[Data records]
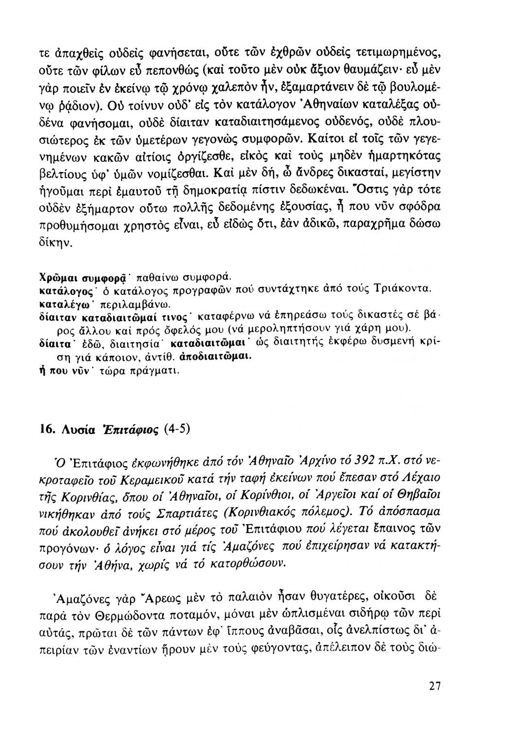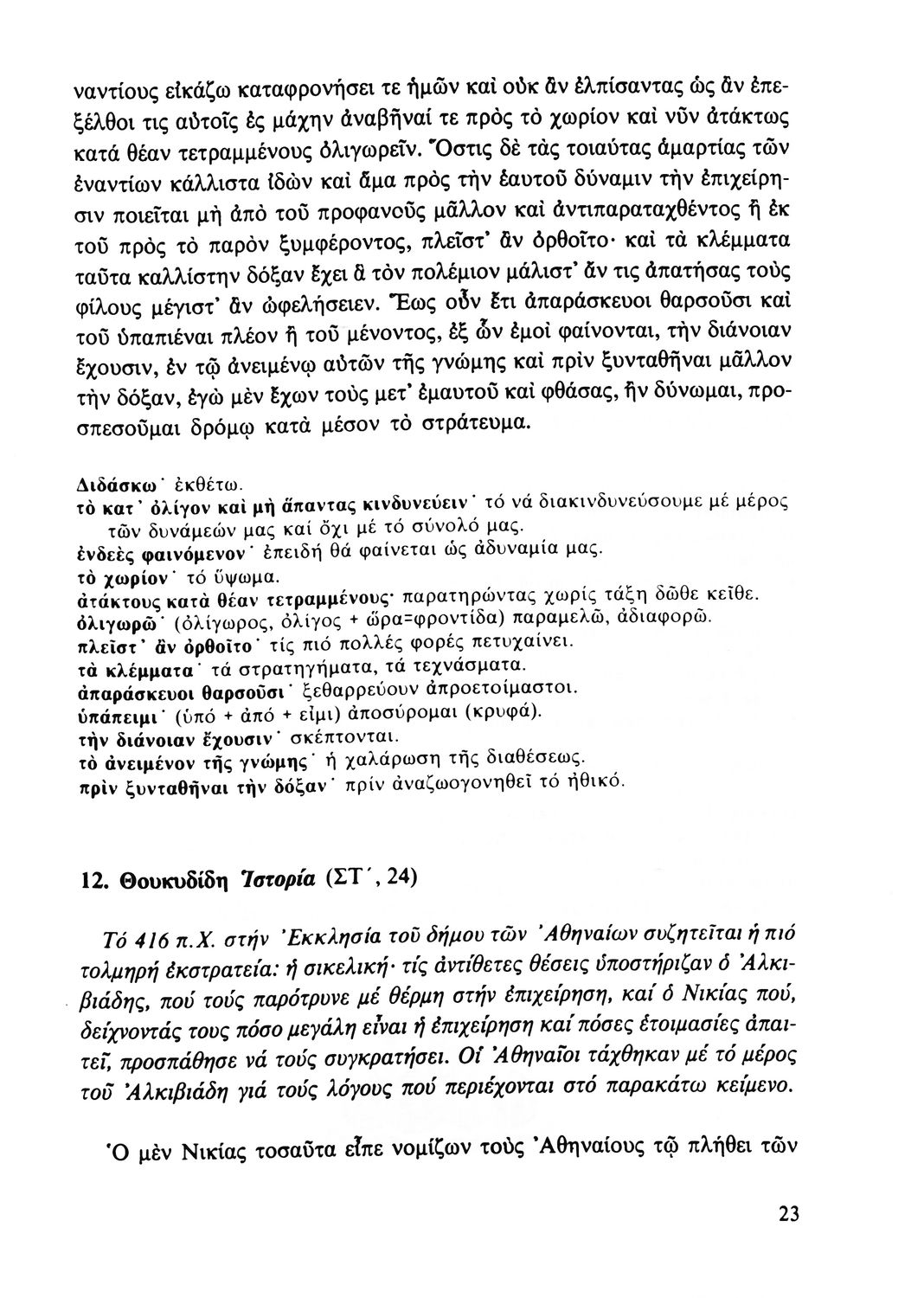 Παιδαγωγικό βοήθημα Αρχαίων Ελληνικών Β΄ Λυκείου που είχε ως στόχο να βοηθήσει τους φιλολόγους στην κατάρτιση της διδακτέας ύλης και την επιλογή των κατάλληλων θεμάτων.
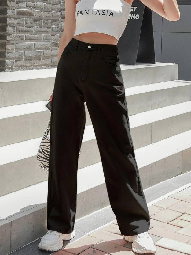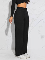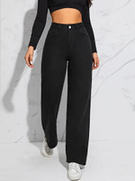 Featuring a secure button closure, these jeans provide a snug and comfortable fit. The curved pockets are not only stylish but also practical, offering ample space for your essentials. You can wear these on a busy day when you can easily access your phone or keys from the curved pockets without carrying an additional bag. The high-rise design combined with the secure closure ensures that these jeans stay in place, giving you confidence and ease of movement throughout the day.
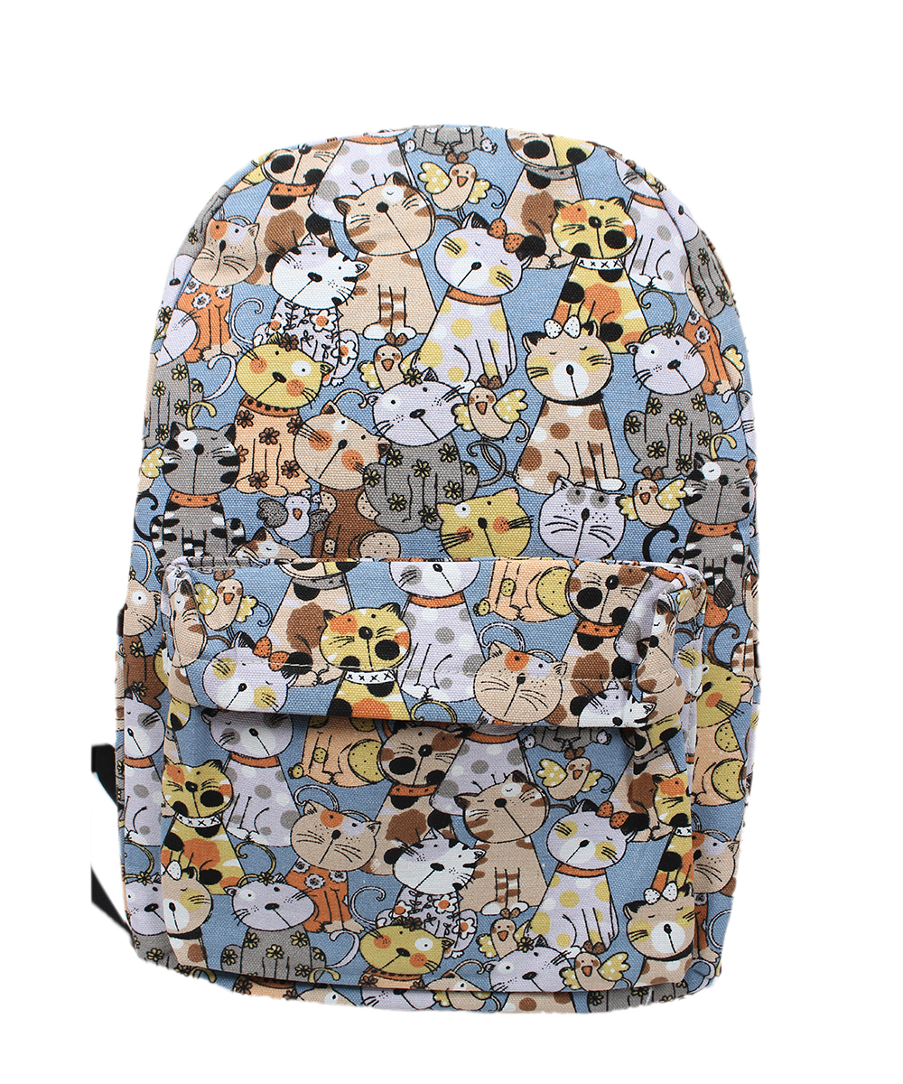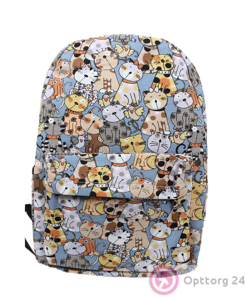 Высококачественный школьный рюкзак с изображением кошек. Есть отделение для банки с водой, спереди накладной карман. Одно вместительное главное отделение.
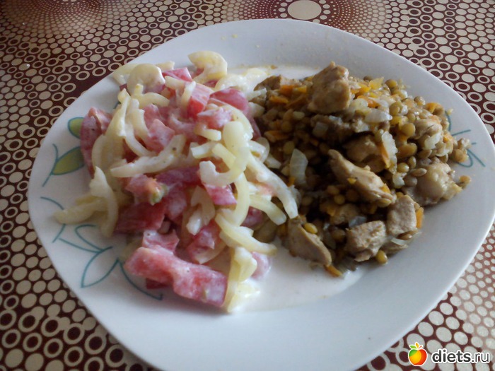 Обед - тушеная чечевица с курицей и овощами 200г + салат из помидора и перца, заправленный натуральным йогуртом 162г
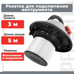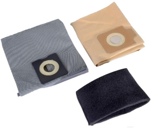 • В комплекте шланг гофрированный 3 м, трубка пластиковая (2 шт.), насадка со щеткой для пола, щелевая насадка (2 шт.), фильтр НЕРА, фильтр поролоновый, мешок тканевый для сбора пыли, мешок бумажный для сбора пыли, колеса (4 шт.), паспорт, упаковка
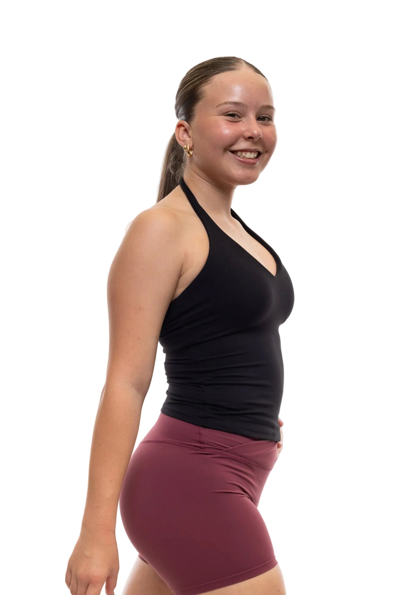 The Halter Tank is crafted from soft, comfortable fabric and designed to move with you. Featuring a built-in bra with removable cups for adjustable support, it offers the perfect balance of style and function. Ideal for dance, workouts, or everyday wear, this versatile staple is made to keep up with you wherever the day takes you.
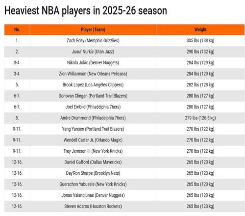 在這份榜單中,灰熊的扎克·埃迪以138公斤排名聯(lián)盟第一,爵士的努爾基奇132公斤緊隨其后。減重后的錫安與約基奇都是129公斤,并列排名第三??齑拇舐?、開拓者的克林根、76人的恩比德和德拉蒙德分列第4到第8位。
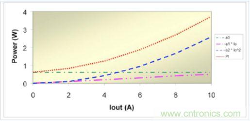 如果意識到電源損耗與輸出電流相關(guān)(可用輸出電流替換 X),那么系數(shù)項就能很好地與不同來源的電源功率損耗聯(lián)系起來。例如,ao 代表諸如柵極驅(qū)動、偏壓電源和磁芯的固定開銷損耗以及功率晶體管 Coss 充電與放電之類的損耗。這些損耗與輸出電流無關(guān)。第二項相關(guān)聯(lián)的損耗 a1 直接與輸出電流相關(guān),其典型表現(xiàn)為輸出二極管損耗和開關(guān)損耗。在輸出二極管中,大多數(shù)損耗是由于結(jié)電壓引起的,因此損耗會隨著輸出電流成比例地增加。

*Your goal*
Print nothing except the lines above from the one containing "Featuring a secure" down to the one containing "在這份榜單中,灰熊的扎克·埃", both included, exactly as written and free of pictures.

*Result of the task*
 Featuring a secure button closure, these jeans provide a snug and comfortable fit. The curved pockets are not only stylish but also practical, offering ample space for your essentials. You can wear these on a busy day when you can easily access your phone or keys from the curved pockets without carrying an additional bag. The high-rise design combined with the secure closure ensures that these jeans stay in place, giving you confidence and ease of movement throughout the day.
 Высококачественный школьный рюкзак с изображением кошек. Есть отделение для банки с водой, спереди накладной карман. Одно вместительное главное отделение.
 Обед - тушеная чечевица с курицей и овощами 200г + салат из помидора и перца, заправленный натуральным йогуртом 162г
 • В комплекте шланг гофрированный 3 м, трубка пластиковая (2 шт.), насадка со щеткой для пола, щелевая насадка (2 шт.), фильтр НЕРА, фильтр поролоновый, мешок тканевый для сбора пыли, мешок бумажный для сбора пыли, колеса (4 шт.), паспорт, упаковка
 The Halter Tank is crafted from soft, comfortable fabric and designed to move with you. Featuring a built-in bra with removable cups for adjustable support, it offers the perfect balance of style and function. Ideal for dance, workouts, or everyday wear, this versatile staple is made to keep up with you wherever the day takes you.
 在這份榜單中,灰熊的扎克·埃迪以138公斤排名聯(lián)盟第一,爵士的努爾基奇132公斤緊隨其后。減重后的錫安與約基奇都是129公斤,并列排名第三??齑拇舐?、開拓者的克林根、76人的恩比德和德拉蒙德分列第4到第8位。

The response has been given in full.